No one will suppose that the above sketch is intended to apply literally to the United States, where in some matters legal restrictions check a majority, where local self-government gives the humblest citizen a sphere for public action, where individualism is still in many forms and directions so vigorous. An American explorer, an American settler in new lands, an American man of business pushing a great enterprise, is a being as bold and resourceful as the world has ever seen. All I seek to convey is that there are in the United States signs of such a fatalistic temper, signs which one must expect to find wherever a vast population governs itself under a system of complete social and political equality, and which may grow more frequent as time goes on.

There exist in the American Republic several conditions which specially tend to create such a temper.

One of these is the unbounded freedom of discussion. Every view, every line of policy, has its fair chance before the people. No one can say that audience has been denied him, and comfort himself with the hope that, when he is heard, the world will come round to him. Under a repressive government, the sense of grievance and injustice feeds the flame of resistance in a persecuted minority. But in a country like this, where the freedom of the press, the right of public meeting, the right of association and agitation have been legally extended, and are daily exerted, more widely than anywhere else in the world, there is nothing to awaken that sense. He whom the multitude condemns or ignores has no further court of appeal to look to. Rome has spoken. His cause has been heard and judgment has gone against him.

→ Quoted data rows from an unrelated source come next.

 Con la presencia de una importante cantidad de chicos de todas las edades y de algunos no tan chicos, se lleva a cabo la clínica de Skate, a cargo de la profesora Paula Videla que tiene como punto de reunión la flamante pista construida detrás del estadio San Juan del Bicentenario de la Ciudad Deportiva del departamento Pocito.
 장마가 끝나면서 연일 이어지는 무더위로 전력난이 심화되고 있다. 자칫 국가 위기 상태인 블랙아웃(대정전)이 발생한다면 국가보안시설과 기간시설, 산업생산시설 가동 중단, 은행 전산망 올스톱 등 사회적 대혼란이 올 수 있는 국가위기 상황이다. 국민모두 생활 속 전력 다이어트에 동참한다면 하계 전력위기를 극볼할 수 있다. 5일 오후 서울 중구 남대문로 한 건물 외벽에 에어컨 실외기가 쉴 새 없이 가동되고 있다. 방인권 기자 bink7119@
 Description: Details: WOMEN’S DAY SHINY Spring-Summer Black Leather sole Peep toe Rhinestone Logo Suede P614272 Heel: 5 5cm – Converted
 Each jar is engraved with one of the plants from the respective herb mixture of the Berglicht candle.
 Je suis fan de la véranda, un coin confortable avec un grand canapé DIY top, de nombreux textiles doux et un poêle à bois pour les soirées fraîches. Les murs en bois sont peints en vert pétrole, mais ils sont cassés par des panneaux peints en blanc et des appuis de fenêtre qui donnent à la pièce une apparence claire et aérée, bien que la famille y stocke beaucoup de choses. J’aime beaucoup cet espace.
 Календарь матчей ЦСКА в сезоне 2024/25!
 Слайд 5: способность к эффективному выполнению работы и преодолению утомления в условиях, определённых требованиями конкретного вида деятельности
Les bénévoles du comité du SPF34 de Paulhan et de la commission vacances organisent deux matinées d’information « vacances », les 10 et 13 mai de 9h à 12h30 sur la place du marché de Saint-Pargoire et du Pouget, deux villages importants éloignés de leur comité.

Another is the intense faith which the Americans have in the soundness of their institutions, and in the future of their country. Foreign critics have said that they think themselves the special objects of the care of Divine Providence. If this be so, it is matter neither for surprise nor for sarcasm. They are a religious people. They are trying, and that on the largest scale, the most remarkable experiment in government the world has yet witnessed. They have more than once been surrounded by perils which affrighted the stoutest hearts, and they have escaped from these perils into peace and prosperity. There is among pious persons a deep conviction—one may often hear it expressed on platforms and from pulpits with evident sincerity—that God has specially chosen the nation to work out a higher type of civilization than any other state has yet attained, and that this great work will surely be brought to a happy issue by the protecting hand that has so long guided it. And, even when the feeling does not take a theological expression, the belief in what is called the “mission of the Republic” for all humanity is scarcely less ardent. But the foundation of the Republic is confidence in the multitude, in its honesty and good sense, in the certainty of its arriving at right conclusions. Pessimism is the luxury of a handful; optimism is the private delight, as well as public profession, of nine hundred and ninety-nine out of every thousand, for nowhere does the individual associate himself more constantly and directly with the greatness of his country.

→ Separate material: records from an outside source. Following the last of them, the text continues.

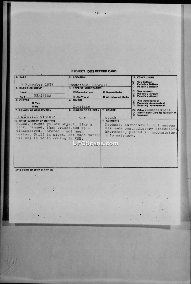 PROJECT 10073 RECORD CARD — Woodstock, Georgia, 5 November 1957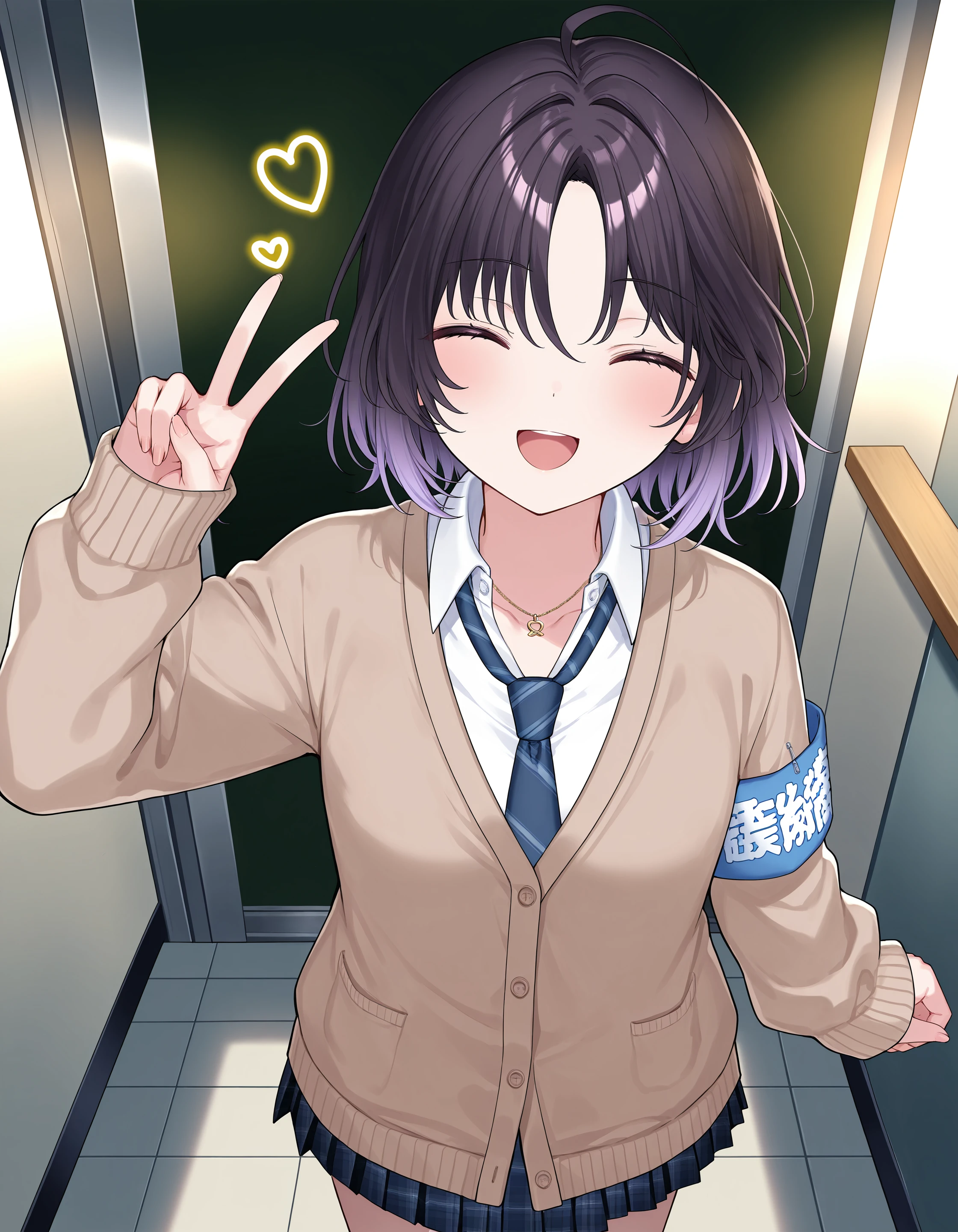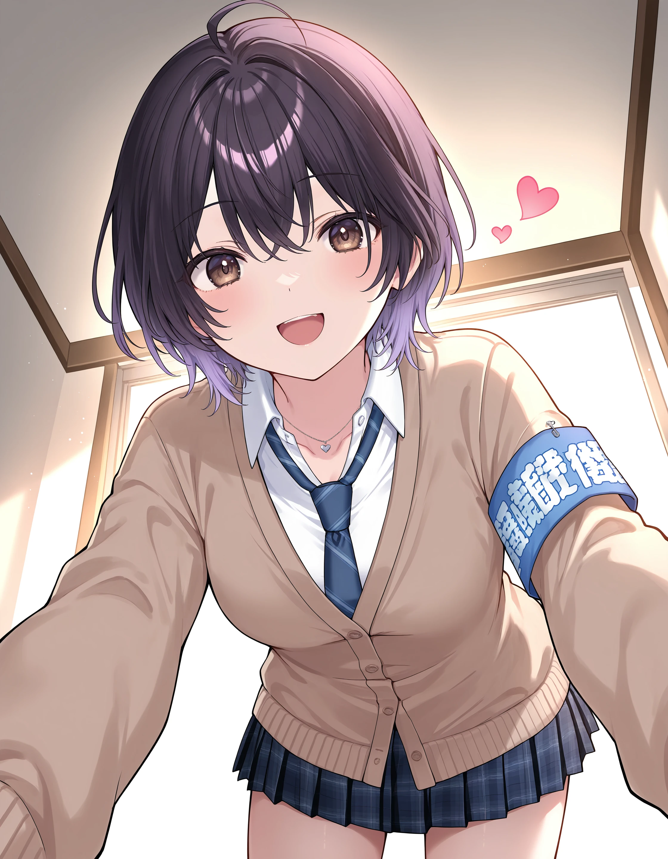 kuroo-tina,black hair,purple hair,multicolored hair,short hair,bangs,ahoge,brown eyes,school uniform,brown cardigan,cardigan,long sleeves,sleeves past wrists,white shirt,collared shirt,blue necktie,necktie,diagonal stripes,striped,blue skirt,plaid skirt,plaid,pleated skirt,armband,necklace,jewelry,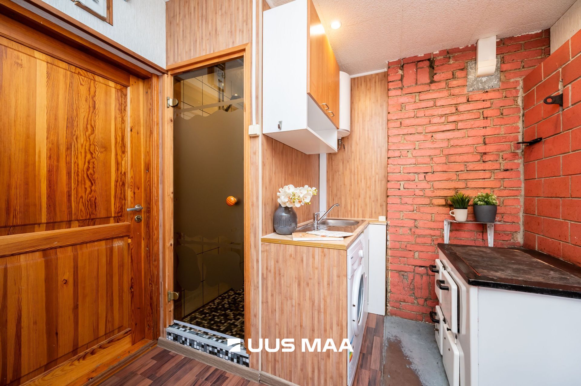 Põrandat katab laminaat, seinad on viimistletud ja siseilme on ajastutruu. Duširuum on kompaktne, elektrilise põrandaküttega. Soe vesi on boileriga. Korteris on alles soojamüür ja ahi. Aknad on plastikraamidel pakettaknad.

Now, such a faith in the people, and in the forces that sway them, disposes a man to acquiescence and submission. He cannot long hold that he is right and the multitude wrong. He cannot suppose that the country will ultimately suffer because it refuses to adopt what he urges upon it. As he comes of an energetic stock, he will use all proper means to state his views, and give them every chance of prevailing. But he submits more readily than an Englishman would do, ay, even to what an Englishman would think an injury to his private rights. When his legal right has been infringed, he will confidently proceed to enforce at law his claim to redress, knowing that even against the government a just cause will prevail. But if he fails at law, the sense of his individual insignificance will still his voice. It may seem a trivial illustration to observe that when a railway train is late, or a waggon drawn up opposite a warehouse door stops the streetcar for a few minutes, the passengers take the delay far more coolly and uncomplainingly than Englishmen would do. But the feeling is the same as that which makes good citizens bear with the tyranny of bosses. It is all in the course of nature. Others submit; why should one man resist? What is he that he should make a fuss because he loses a few minutes, or is taxed too highly? The sense of the immense multitude around him presses down the individual; and, after all, he reflects, “things will come out right” in the end.

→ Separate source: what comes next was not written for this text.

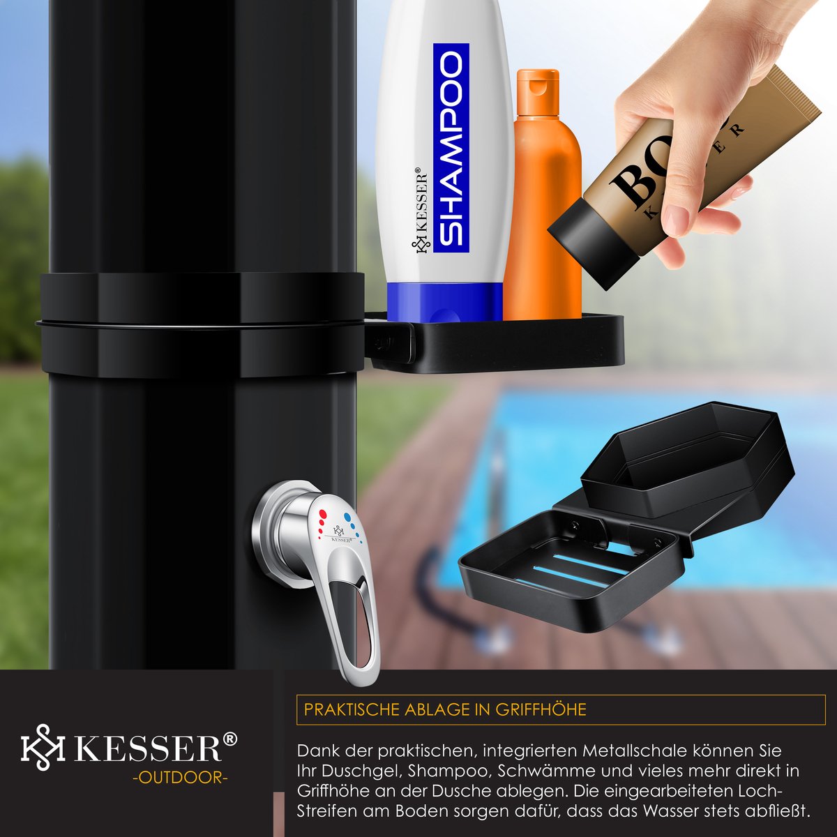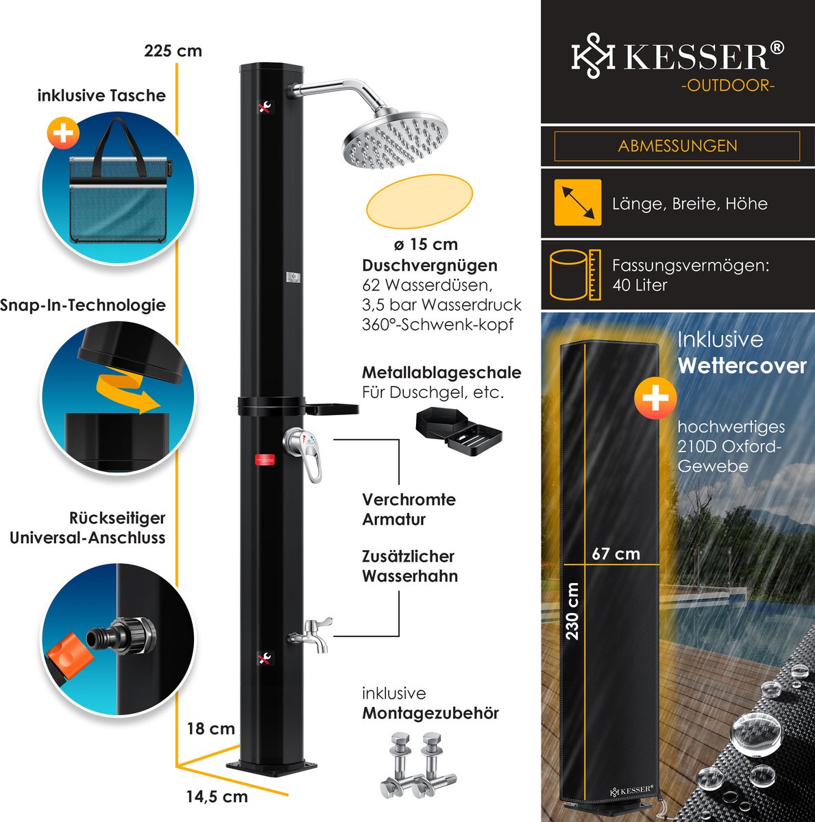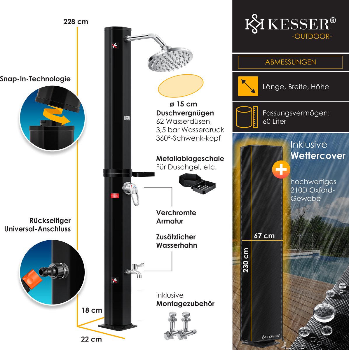 KESSER® Zonnedouche 40-60 Liter Zonne Tuindouche Geïntegreerde metalen douchebak| Warm water | Max. 60°C | Incl. Beschermhoes | Geen stroomaansluiting | Zwembaddouche Camping | Regendouchkop en Kraan | Tuinslangaansluiting

It is hard adequately to convey the impression which the vastness of the country and the swift growth of its population make upon the European traveller. I well remember how it once came on me after climbing a high mountain in an Eastern state. All around was thick forest; but the setting sun lit up peaks sixty or seventy miles away, and flashed here and there on the windings of some river past a town so far off as to seem only a spot of white. I opened my map, a large map, which I had to spread upon the rocks to examine, and tried to make out, as one would have done in England or Scotland, the points in the view. The map, however, was useless, because the whole area of the landscape beneath me covered only two or three square inches upon it. From such a height in Scotland the eye would have ranged from sea to sea. But here when one tried to reckon how many more equally wide stretches of landscape lay between this peak and the Mississippi, which is itself only a third of the way across the continent, the calculation seemed endless and was soon abandoned. Many an Englishman comes by middle life to know nearly all England like a glove. He has travelled on all the great railroads; there is hardly a large town in which he has not acquaintances, hardly a county whose scenery is not familiar to him. But no American can be familiar with more than a small part of his country, for his country is a continent. And all Americans live their life through under the sense of this prodigious and daily growing multitude around them, which seems vaster the more you travel, and the more you realize its uniformity.

We need not here inquire whether the fatalistic attitude I have sought to sketch is the source of more good or evil. It seems at any rate inevitable; nor does it fail to produce a sort of pleasure, for what the individual loses as an individual he seems in a measure to regain as one of the multitude. If the individual is not strong, he is at any rate as strong as anyone else. His will counts for as much as any other will. He is overborne by no superiority. Most men are fitter to make part of the multitude than to strive against it. Obedience is to most sweeter than independence; the Roman Catholic church inspires in its children a stronger affection than any form of Protestantism, for she takes their souls in charge, and assures them that, with obedience, all will be well.

That which we are presently concerned to note is how greatly such a tendency as I have described facilitates the action of opinion as a governing power, enabling it to prevail more swiftly and more completely than in countries where men have not yet learned to regard the voice of the multitude as the voice of fate. Many submit willingly; some unwillingly, yet they submit. Rarely does anyone hold out and venture to tell the great majority of his countrymen that they are wrong.

Moreover, public opinion acquires a solidity which strengthens the whole body politic. Questions on which the masses have made up their minds pass out of the region of practical discussion. Controversy is confined to minor topics, and however vehemently it may rage over these, it disturbs the great underlying matters of agreement no more than a tempest stirs the depths of the Atlantic. Public order becomes more easily maintained, because individuals and small groups have learned to submit even when they feel themselves aggrieved. The man who murmurs against the world, who continues to preach a hopeless cause, incurs contempt, and is apt to be treated as a sort of lunatic. He who is too wise to murmur and too proud to go on preaching to unheeding ears, comes to think that if his doctrine is true, yet the time is not ripe for it. He may be in error; but if he is right, the world will ultimately see that he is right even without his effort. One way or another he finds it hard to believe that this vast mass and force of popular thought in which he lives and moves can be ultimately wrong. Securus judicat orbis terrarum.

[1] The kind of self-reliant attitude I am seeking to describe is quite a different thing from the supposed “state of nature” in which a man has no legal relations with his fellows. It may exist (as in early Rome) among the members of a community closely united by legal ties.